1. DESCRIPTION OF THE PLAN

General Information – On January 1, 2004, the Employees’ Incentive Savings Plan merged into the Employees’ Profit-Sharing Plan to create the Employee Savings and Investment Plan (the “Plan”) of The Bank of New York Company, Inc. The Plan is a defined contribution plan and is intended to meet the requirements of the Employee Retirement Income Security Act of 1974 (“ERISA”). The Plan provides employees with the opportunity to invest a portion of their annual compensation in the Plan, augmented by matching Company contributions, to provide for additional income in their retirement.

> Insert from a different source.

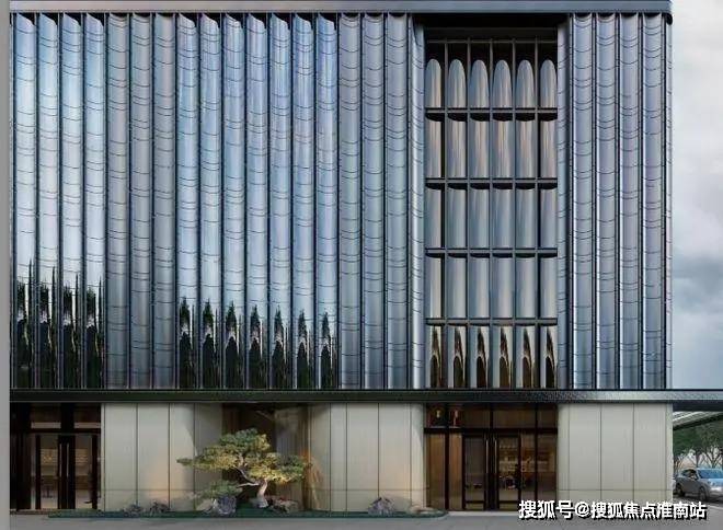 项目会所立面用的流光幻彩铝板,不同角度有不同颜色呈现,“缺点”就是昂贵;大堂的玻璃也很吸睛,用的半钢化夹胶反弯弧玻璃,半径仅为约600mm,施工难度大、成本高,只为更好的效果。
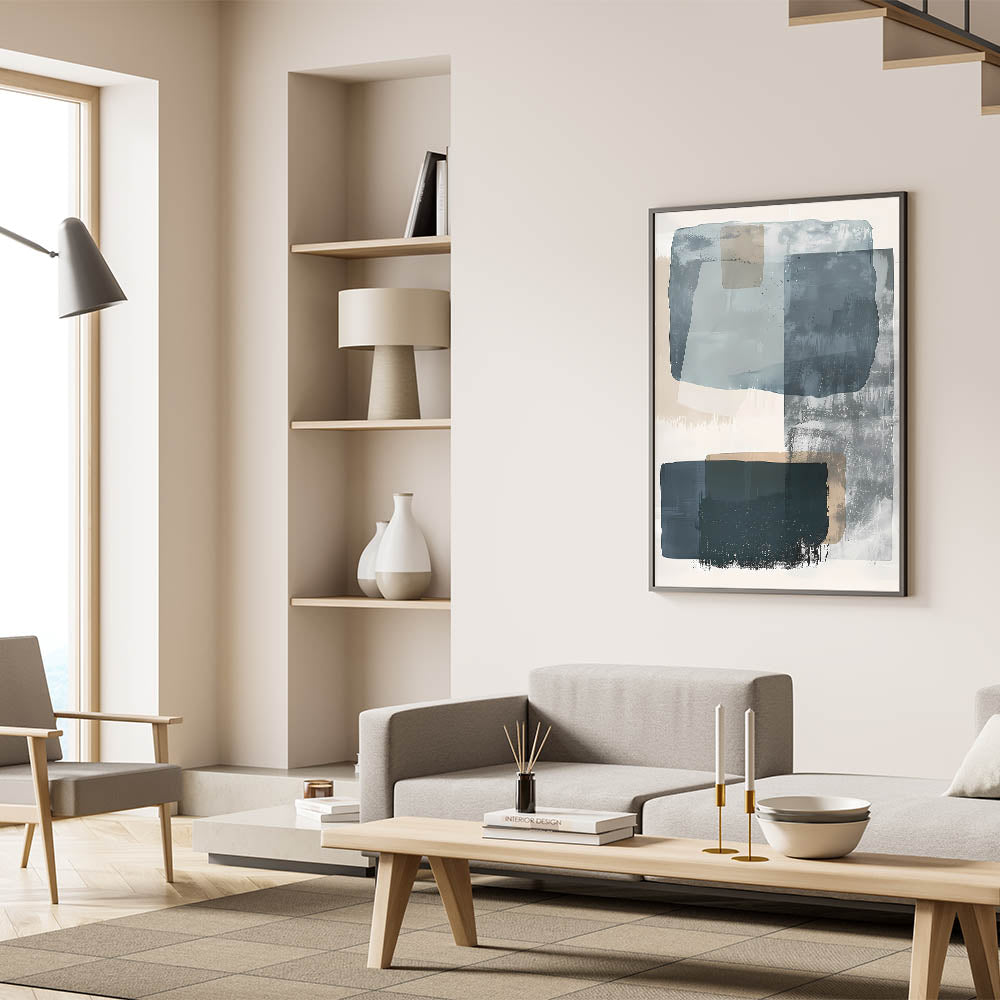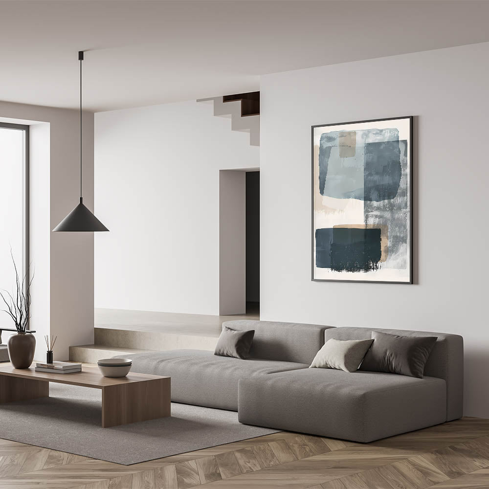 Introduce tranquility to your space with this minimalist abstract artwork in cool blue and gray tones. The design features layered, textured rectangles that create a soothing, harmonious composition. Ideal for contemporary and minimalist interiors, this piece brings a calm and refined aesthetic to any room. Its subtle color palette makes it a versatile choice, perfect for creating a peaceful atmosphere in any setting.

Merger with Mellon Financial Corporation – On July 1, 2007, The Bank of New York Company, Inc. and Mellon Financial Corporation merged into The Bank of New York Mellon Corporation with The Bank of New York Mellon Corporation being the surviving entity. As a result, on July 1, 2007, all shares of The Bank of New York Company, Inc. common stock in the Plan were converted to The Bank of New York Mellon Corporation common stock. For every share of The Bank of New York Company, Inc. common stock that a participant held in the Plan, the participant automatically received .9434 shares of The Bank of New York Mellon Corporation common stock. In this Form 11-K, references to the “Company” for periods prior to July 1, 2007 refer to The Bank of New York Company, Inc. and for periods on or after July 1, 2007 refer to The Bank of New York Mellon Corporation.

The following description of the Plan provides only general information. Participants should refer to the Plan document or the Plan agreement for a more complete description of the Plan’s provisions.

Administration of the Plan – Prior to July 21, 2008, the Plan was administered by the Benefits Committee. Since July 21, 2008, the Plan has been administered by the Benefits Administration Committee. Prior to July 21, 2008, the Benefits Committee was, and since July 21, 2008, the Benefits Administration Committee has been, a named fiduciary of the Plan. Subject to the following, the Benefits Investment Committee, another named fiduciary to the Plan, has been responsible for investment-related matters, including the establishment of an investment policy, the appointment of investment managers and the monitoring of the performance of the Plan’s investment funds. There is no assurance that the stated objective of any of the funds can be achieved. The Plan’s trustee is The Bank of New York Mellon, a wholly-owned subsidiary of The Bank of New York Mellon Corporation (the “Trustee”).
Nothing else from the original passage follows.